Some of you may be thinking, but GTC is a techy show, not a business show. It is, but, the smart techies know that to get funding for their programs they have to get buy in from business people. If you can bring them to the show they can see the value and come to better understand the business value. This will create a synergy that can help accelerate programs in organizations.

This leads me to one of my observations at this years GTC. The number of straight laced suits to t-shirts and pony tails appears to be almost 50/50 now. That’s right you walk the hallway’s you see a lot of folks in suits, almost as many as those with t-shirts. I even proposed a fun little experiment to Roger. Mount a camera in the main hallway use some image recognition and see how many are in suits vs t-shirts to show the change in attendance.

That gets me to the show floor. This year there were a lot of cool things. The robotics section was very cool from the Boston Robotics team to the building inspection bot. The VR experience was also off the hook. I love it when the first question after putting on the VR headset was “how are you with heights?” from there I was standing atop the highest mast of a ship. Absolutely awesome!

I don’t know that the extended hours were the best thing for the vendors, as many of them were dragging by the last day (more than normal). I also spent some time at the Dell booth (I work for Dell) and during sessions the show floor seemed really slow. So again I wonder if there is value to having the show floor open during sessions.

I do like the added space for the show floor that was gained by moving the keynote off site. That made it easier to walk down the isles.and for more exciting exhibits. I also am cool that they got rid of the Wednesday night party. It didn’t seem anyone else really missed it and created a lot more opportunities for dinner with friends and business partners or community meetups.

GTC19 Backpack - with top of it open rigid wire bars built in around the zipper keeping it held open.

Another thing I didn’t care for this year is the design of the bags this year. The look of them is good, but the metal rods around the top of the bag are really annoying. It made it really difficult to fold it up and stick it in my other bag so I could drop it in my room. I get the point of the metal to keep the shape and make it easier to put things into it. I’m also not a fan of the zipper running long on the main compartment, to me that looks sort of sloppy and reminds me of tool bags I buy at a discount tool store.

GTC19 materials, Gray book and pen set, backpack, t-shirt, badge, drink ticket

I’m also sad that attendees did not get t-shirts this year. I love my t-shirts from GTC they are so cool. That means I had to go and purchase them at the NVIDIA store instead, which I did because they are so cool. It would be great to see a shirt again next year.

GTC19 Speaker Gift - A note book and pen

I thinks it’s really cool that as the number of speakers continues to grow that they are still nice enough to get speakers a gift. This year it was a nice notebook and pen set.

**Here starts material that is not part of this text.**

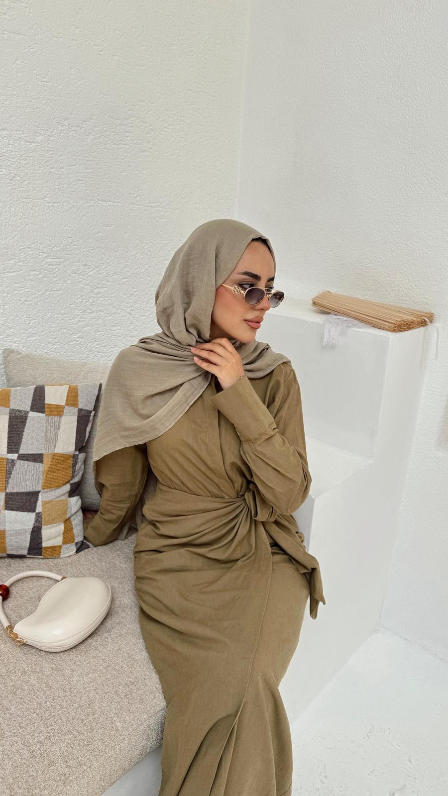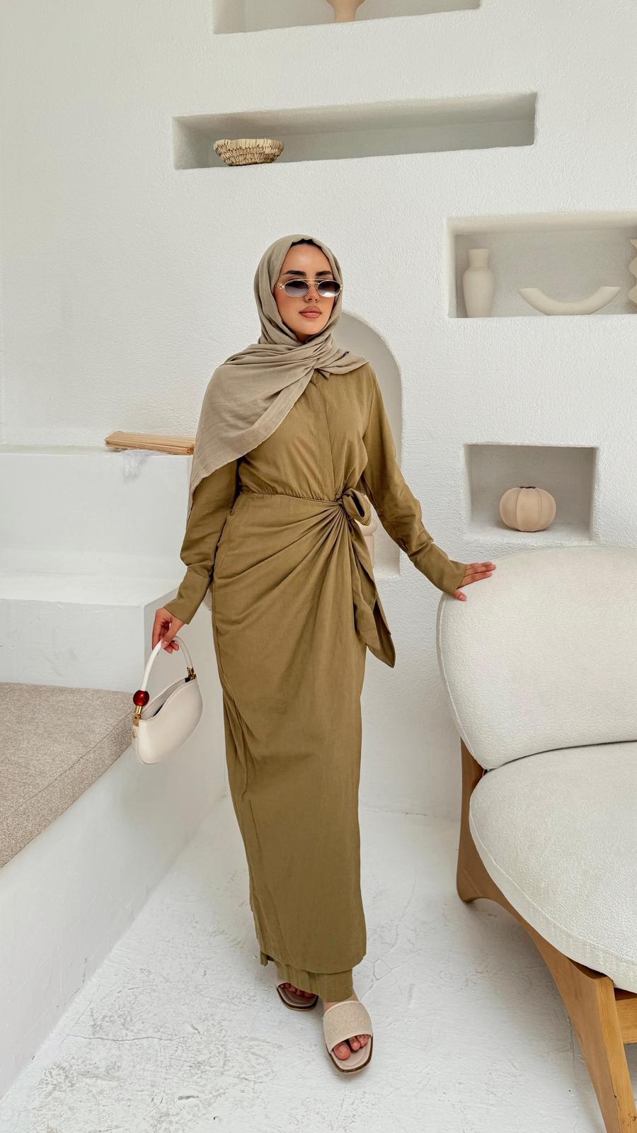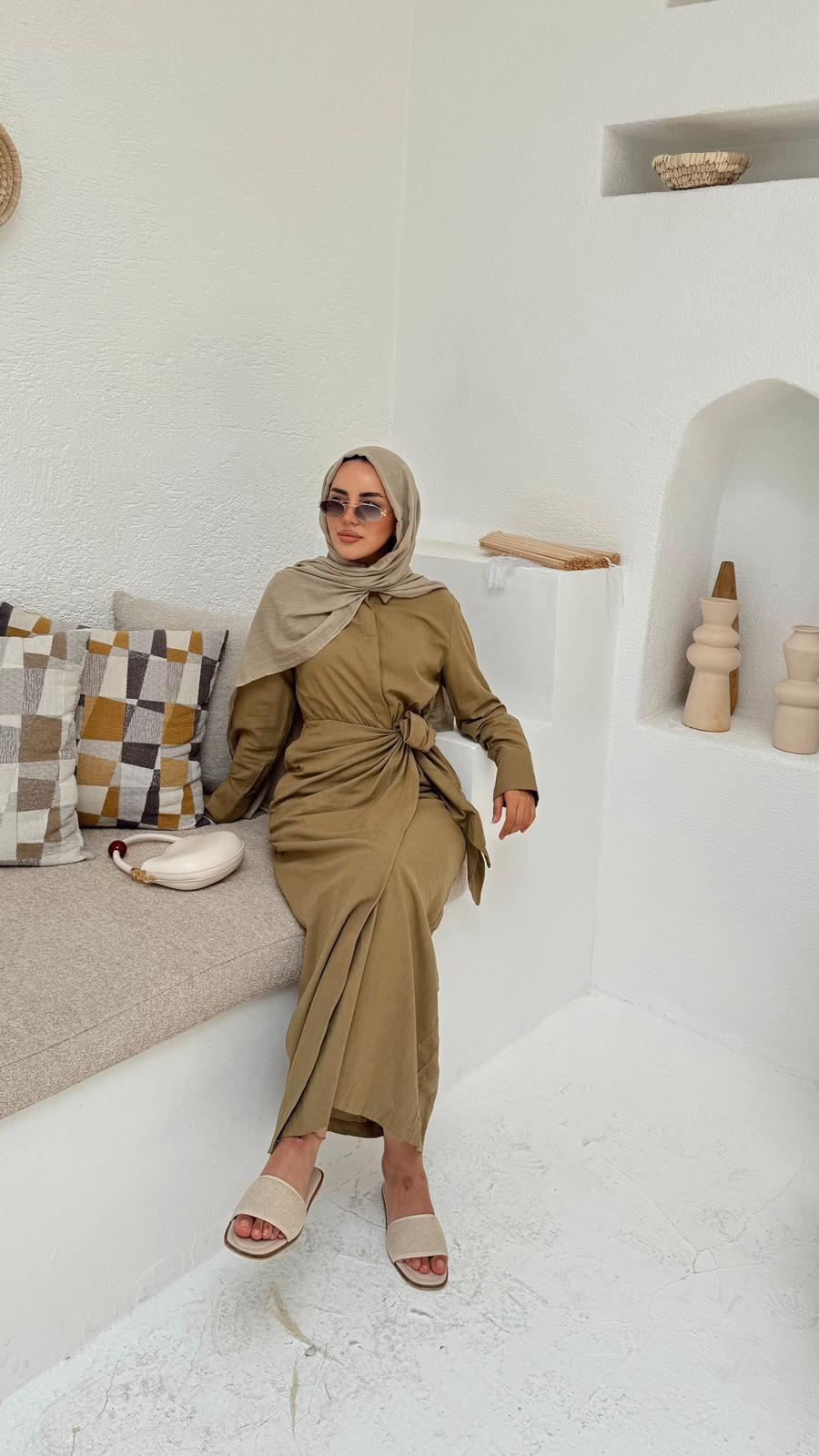 Bağlama Detaylı Keten Elbise – Yağ Yeşili
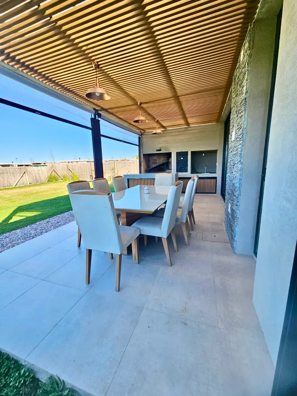 En VENTA - Casa en Barrio Privado La Juana. Casa toda en una planta, ubicada en el exclusivo barrio privado La Juana, en una amplia esquina. Ideal para quienes buscan calidad de vida en un entorno en expansión. La propiedad se desarrolla en un terreno de 1077 m² con 152 m² construidos. Actualmente cuenta con 2 dormitorios, ya que el principal fue ampliado uniendo dos habitaciones, pero puede volver a dividirse fácilmente mediante un tabique de yeso. Se mantienen las dos puertas, instalaciones eléctricas y estructuras necesarias. Amplio fondo con piscina climatizada con clorador de sal, barbacoa techada con parrillero, anafe y horno de leña. Cuenta además con losa radiante en toda la casa, agua caliente central por bomba de calor, paneles solares en la azotea, tender, sala de máquinas, huerta orgánica, cargador para autos eléctricos y orientación norte. La vivienda tiene control domótico de todos los servicios, incluyendo riego automático conectado por WiFi. El barrio privado cuenta con bajos gastos comunes e incluye seguridad y portería 24/7, videovigilancia, mantenimiento de áreas verdes, conexión a agua potable de planta de ósmosis inversa, IntelliMarket y plaza para niños. Está previsto además el desarrollo de club house, piscina cerrada y climatizada, guardería, gimnasio, cancha multi sport, juegos infantiles y sendero de running. La comisión inmobiliaria es del 3% más IVA.

I am super excited about the NVIDIA Jetson Nano and it was great that the supply of them lasted through the whole show. Purchasing them was super simple, and the badge scanning to keep numbers in check was pretty slick too. I purchased 3 of them. Two at the end of the keynote, and one at the NVIDIA store.

The food this year was fair to midland, or fairly decent as far as conference food goes. I still don’t like having to go down those back steps to the South Hall. I think those steps are a liability waiting to happen, and this is my third year of saying that. I’m glad to the best of my knowledge no one has gotten hurt on those stairs.

One thing I continue to really appreciate that is unique, among the conferences I attend, is the use of drink tickets. It really encourages responsible drinking among attendees and NVIDIA should be commended for that.

Something that would be an awesome thing that is probably a pipe dream, is for people like me who extensively blog the sessions I attend, would be a row of tables up front in conference rooms so I don’t have to balance my device on my leg while listening to the session.

I thought it was great that the facility offered a prayer room and nursing room for those attending GTC. I think that really embraces the diversity of GTC attendees and removes barriers to attending the show. Kudos to both the event center and the show team for making these available and making sure they were publicized.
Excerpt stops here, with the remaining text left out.